## YOUR TASK
Write out the listing below without alteration, omitting its pictures.
** PROVIDED DATA follows **
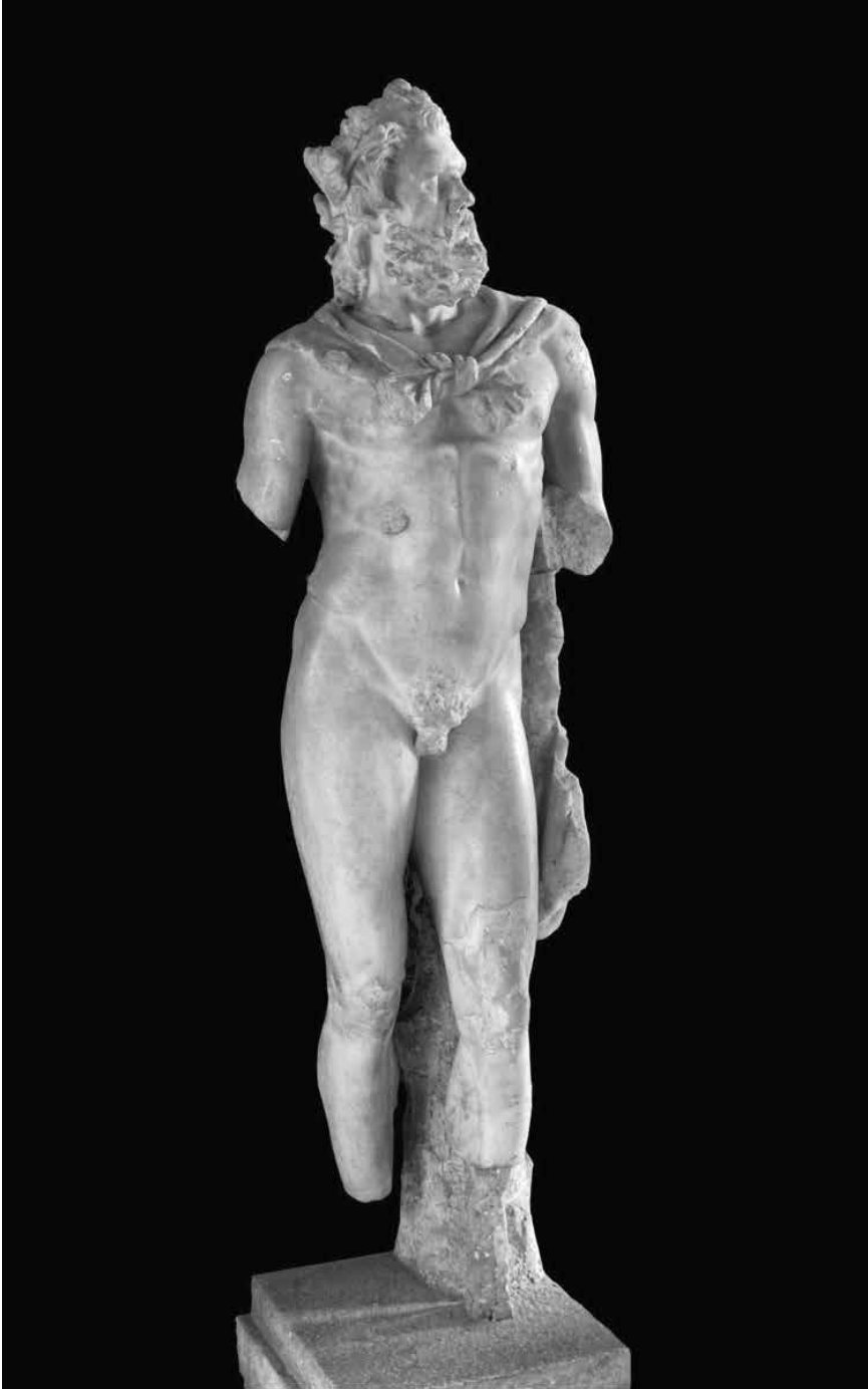
Marsijin kip, Arheološki muzej u Zagrebu
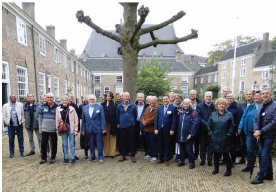
De huismeesters bijeen in het Bredase Begijnhof.
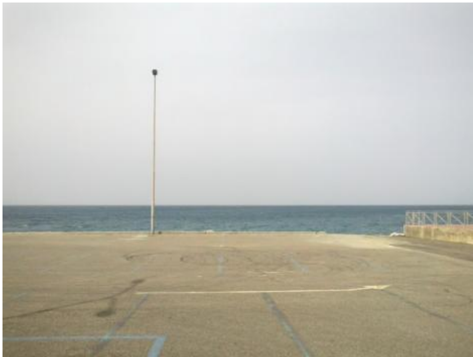
La solitudine di un palo (e la sua meravigliosa semplicità)
** End of PROVIDED DATA **
## RESULT
Marsijin kip, Arheološki muzej u Zagrebu
De huismeesters bijeen in het Bredase Begijnhof.
La solitudine di un palo (e la sua meravigliosa semplicità)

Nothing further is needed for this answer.